Re: Blocking I/O, async I/O and io_uring
References to get things started: * https://lwn.net/Articles/810414/ * https://unixism.net/loti/what_is_io_uring.html * https://blogs.oracle.com/linux/an-introduction-to-the-io_uring-asynchronous-io-framework * https://thenewstack.io/how-io_uring-and-ebpf-will-revolutionize-programming-in-linux/ You'll probably notice how this parallels my sporadic activities around pipelining in other areas, and the PoC libpq pipelining patch I sent in a few years ago.
Blocking I/O, async I/O and io_uring
Hi all A new kernel API called io_uring has recently come to my attention. I assume some of you (Andres?) have been following it for a while. io_uring appears to offer a way to make system calls including reads, writes, fsync()s, and more in a non-blocking, batched and pipelined manner, with or without O_DIRECT. Basically async I/O with usable buffered I/O and fsync support. It has ordering support which is really important for us.

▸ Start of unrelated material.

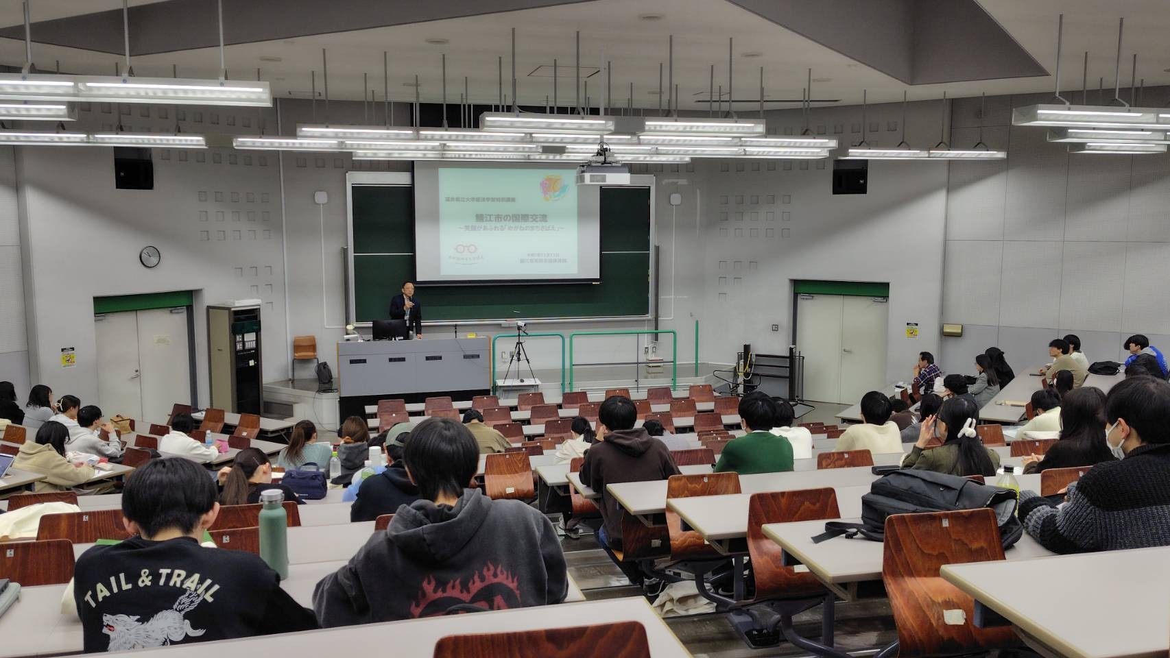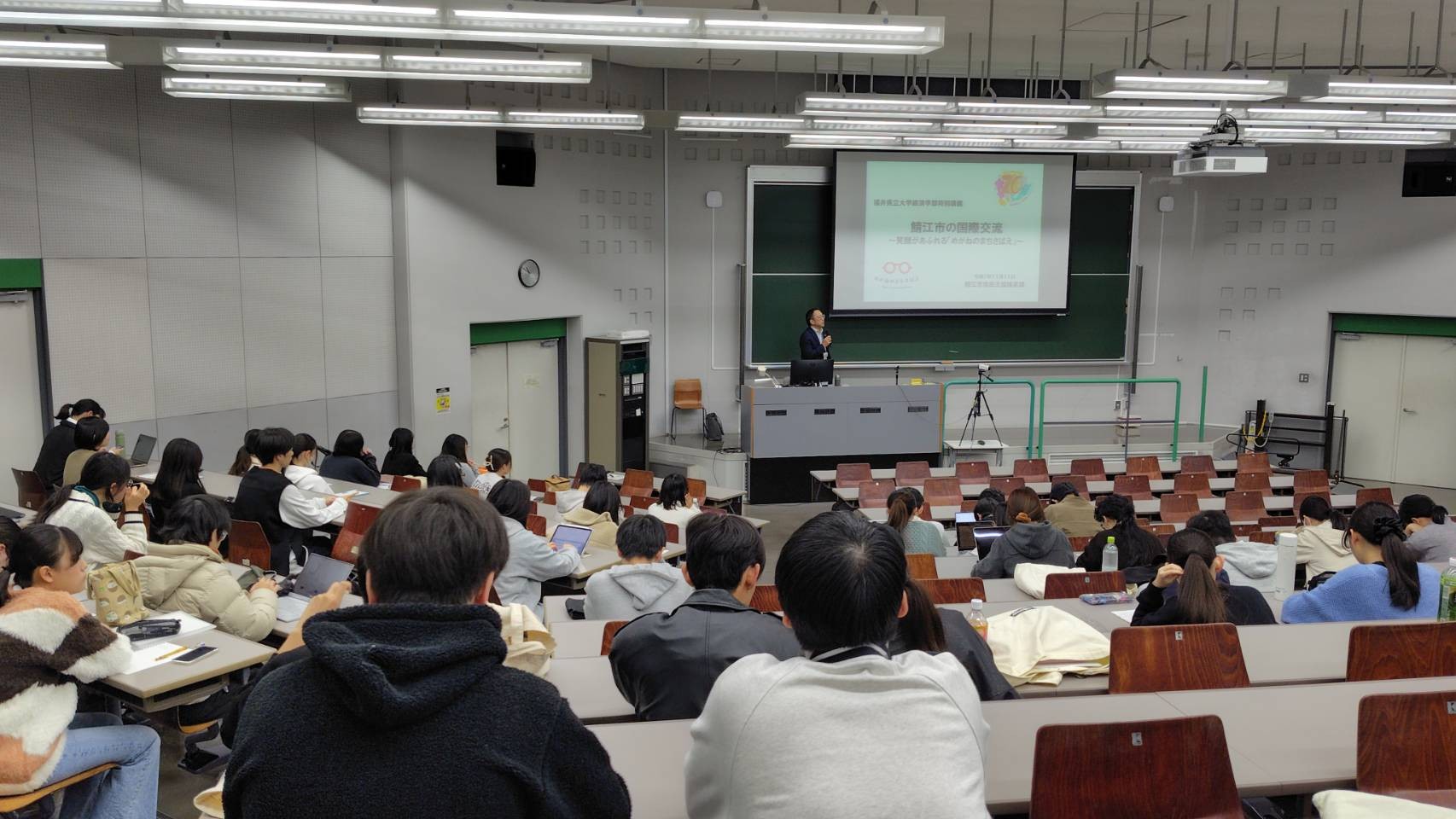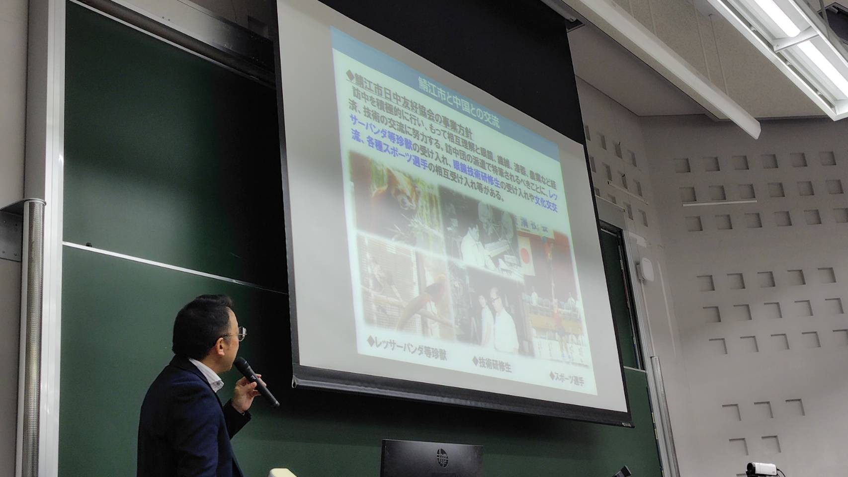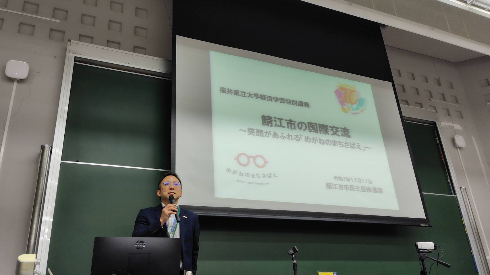 講義では、地域の視点から国際関係を考えるというコンセプトのもと、鯖江市と中国をはじめとした国際交流の状況や、鯖江市に住む外国人に向けた政策、多文化共生の取り組みのほか、課題についてもお話しいただきました。

This should be on our radar. The main barriers to benefiting from linux-aio based async I/O in postgres in the past has been its reliance on direct I/O, the various kernel-version quirks, platform portability, and its maybe-async-except-when-it's-randomly-not nature. The kernel version and portability remain an issue with io_uring so it's not like this is something we can pivot over to completely. But we should probably take a closer look at it. PostgreSQL spends a huge amount of time waiting, doing nothing, for blocking I/O. If we can improve that then we could potentially realize some major increases in I/O utilization especially for bigger, less concurrent workloads. The most obvious candidates to benefit would be redo, logical apply, and bulk loading. But I have no idea how to even begin to fit this into PostgreSQL's executor pipeline. Almost all PostgreSQL's code is synchronous-blocking-imperative in nature, with a push/pull executor pipeline. It seems to have been recognised for some time that this is increasingly hurting our performance and scalability as platforms become more and more parallel. To benefit from AIO (be it POSIX, linux-aio, io_uring, Windows AIO, etc) we have to be able to dispatch I/O and do something else while we wait for the results. So we need the ability to pipeline the executor and pipeline redo. I thought I'd start the discussion on this and see where we can go with it. What incremental steps can be done to move us toward parallelisable I/O without having to redesign everything? I'm thinking that redo is probably a good first candidate. It doesn't depend on the guts of the executor. It is much less sensitive to ordering between operations in shmem and on disk since it runs in the startup process. And it hurts REALLY BADLY from its single-threaded blocking approach to I/O - as shown by an extension written by 2ndQuadrant that can double redo performance by doing read-ahead on btree pages that will soon be needed. Thoughts anybody?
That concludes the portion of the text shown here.